Essie Andrews, F.H.S.
- 1/4 lb pork sausage meat
- 6 pork sausage links
- 1 (10 1/4) can pizza sauce
- 1/4 cup canned tomato puree
- 1/4 ground thyme
- 1/8 tsp crushed red pepper
- 1/8 tsp black pepper (optional)
- 1/8 tsp rubbed sage
- 1 1/2 cup buttermilk biscuit mix
- 1/2 cup nonfat dry milk solids
- 2 Tbsp butter or margarine, melted
- 1 (8 oz) package Mozzarella or process Cheddar cheese, thinly sliced
- 1 tsp organo leaves
About 1 hour before serving; Shape sausage meat into 5 or 6 balls. In medium skillet over medium heat, sauté sausage balls with links about 20 minutes, turning occasionally; drain and set aside. Preheat oven to 400°F. In small saucepan, combine pizza sauce, tomato puree, thyme, red pepper, black pepper, and sage; cover. Simmer 10 minutes.

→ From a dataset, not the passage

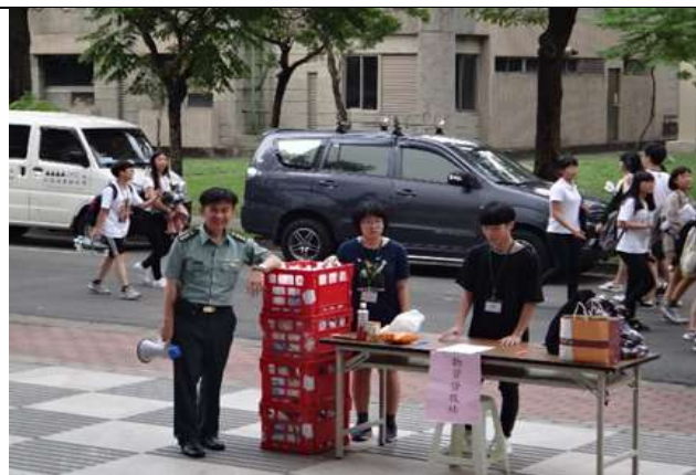
防汛及防溺水裝備展示及使用說明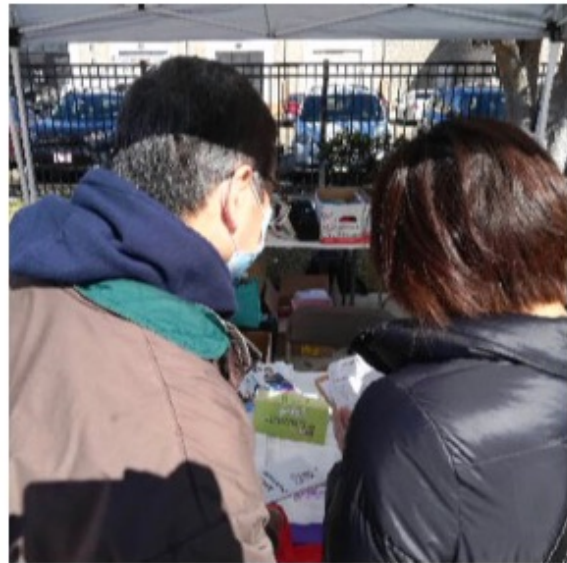
在2022年2月5日(正月初五)，光鹽社在中華文化服務中心主辦的新年園遊會活動中，設置攤位並向社區朋友推廣癌症篩檢的重要性及宣傳 All of Us 計劃。

In medium bowl, combine biscuit mix with nonfat dry milk solids; with fork, stir in 5 or 6 tablespoons water or enough to make soft dough. Knead a few times, dusting with more biscuit mix if needed. Brush an 11 inch pie plate with some of melted butter. Press dough smoothly into pie plate or pizza pan (or roll on lightly floured into pie).